The important thing to remember when resolving forces in classical mechanics and to understand tension is to apply Newton's three laws of motion. They are:
1st Law: an object with no external force will not change velocity
2nd Law: Force = Mass x Acceleration
3rd law: Every applied force (action) has an equal and opposite force (reaction).
So for the one dimensional cases you've given, think of the 'tension' of the rope as the magnitude of any pulling force it would be experiencing, bearing in mind that this tension is not actually a force (it has no direction), whereas the force whose magnitude it has, would be appear to be pulling the rope in opposite directions (as per Newton's 3rd law).
$T\leftarrow\rightarrow T$
So, back to your questions:
1 - When you pull on a rope tied to an immovable object, applying a force $F$, it reacts with force $-F$ (Newton's 3rd law) and the 'tension' in the rope is the magnitude of this force $F$.
$F\leftarrow\rightarrow F$
2 - If you pull on a rope which is tied a mass $M$ (initially at rest and free to move) it will accelerate towards you (Newton's second law). If you keep keep pulling the rope, keeping it taut by applying a constant force $F$ for a time $t$ and then remove the force thereby slackening the rope (no tension), the final velocity of the mass will be $v=at$ (neglecting friction). You can determine the force applied by $F=Mv/t$.

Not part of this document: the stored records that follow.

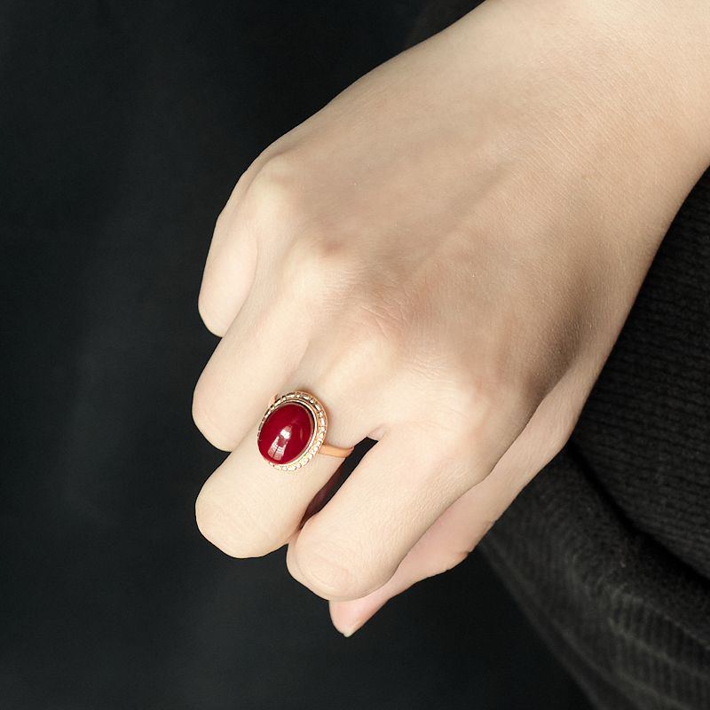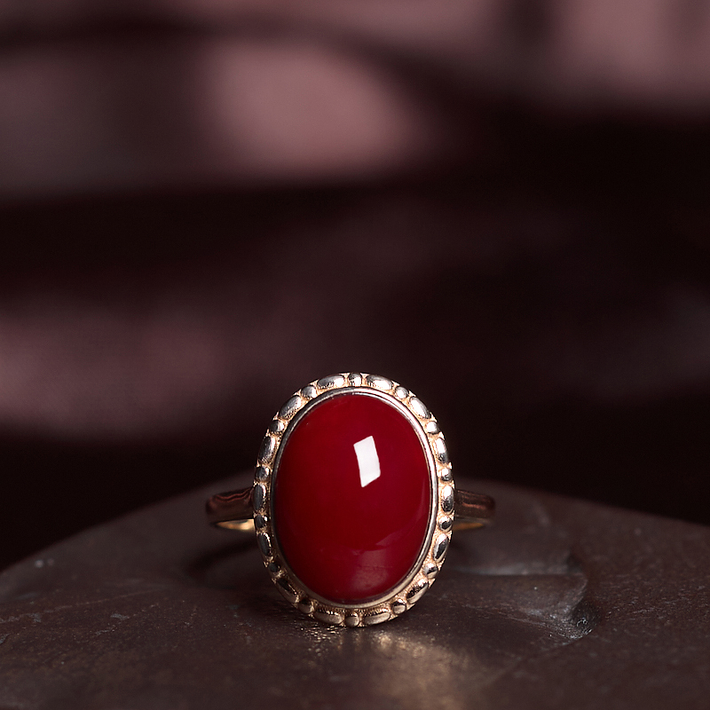 • 18K阿卡牛血红珊瑚戒指
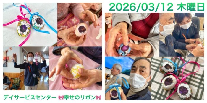 2026 年 3 月 12 日 1件の投稿 202603/12 エッグポマンダー作り 皆様こんにちは。 甲斐市 双葉 デイサービスセンター幸せのリボンです。 本日もリボンでは お客様をお守りするべく 感染予防を徹底しております。 &nb …READPOST 木曜日の日記 | 特別工作・体験 | 全ての日記anamizu
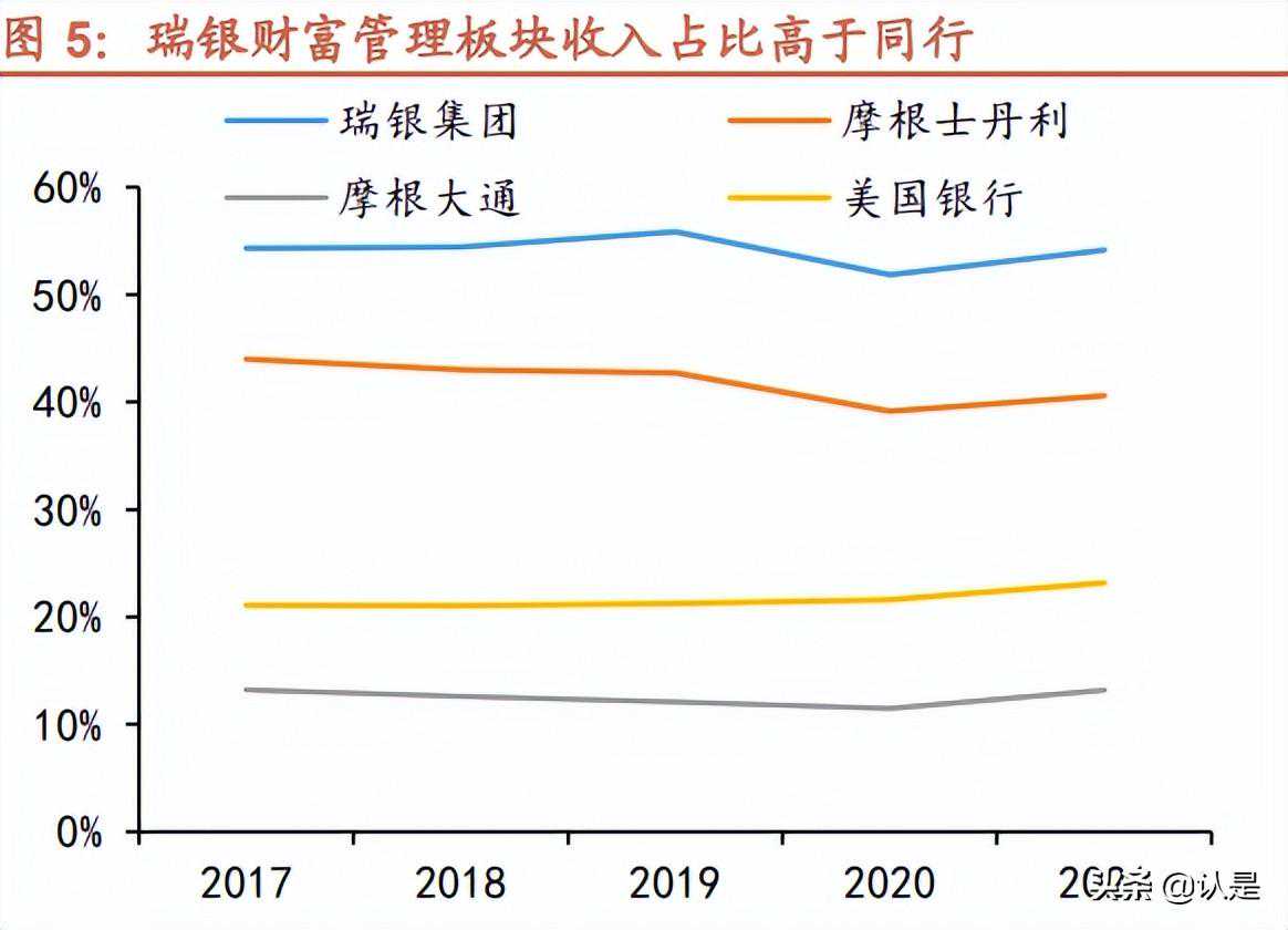 净息差平稳略降。整体来看,近5年瑞银集团的净息差呈现平稳略降的态势。与同业相比,瑞银集团的净息差较低,但差距逐渐缩小。2020年受疫情影响,各银行净息差均有一定的下滑,摩根大通/美国/富国/花旗银行分别较2019年下滑48/53/46/49bp,而瑞银集团仅下滑8bp,息差较为平稳。2021年瑞银集团净息差为1.40%,较2020年略降2BP。

3 - If you apply a force of $X$ Newtons pulling a rope tied to a mass $M$ which I am holding, the tension on the rope is $X$ as long as the mass isn't moving. If I increase my pulling force to $Y$, the resultant force, $F=Y-X$ will pull you along with the mass, towards me. Note that we subtract the forces because they are acting in opposite directions. The resultant force $F$ will accelerate both you and the mass towards me at a rate $a=F/(M+m)$, where $m$ is your mass (assuming the mass of the rope is negligible). The tension on the rope will be equal to the magnitude of resultant force on the rope, which is $T =\lvert X-ma\rvert = \lvert X-m\times \frac{F}{M+m} \rvert= \lvert X-\frac{(Y-X)m}{M+m}\rvert$. Note that if your mass, $m$ is negligible, the tension of the rope becomes $X$, whereas if the mass of the body $M$ is negligible, the tension of the rope becomes $Y$. If your mass is equal to the mass of the body $(m=M)$ then the tension on the rope is $(Y-X)/2 = F/2$.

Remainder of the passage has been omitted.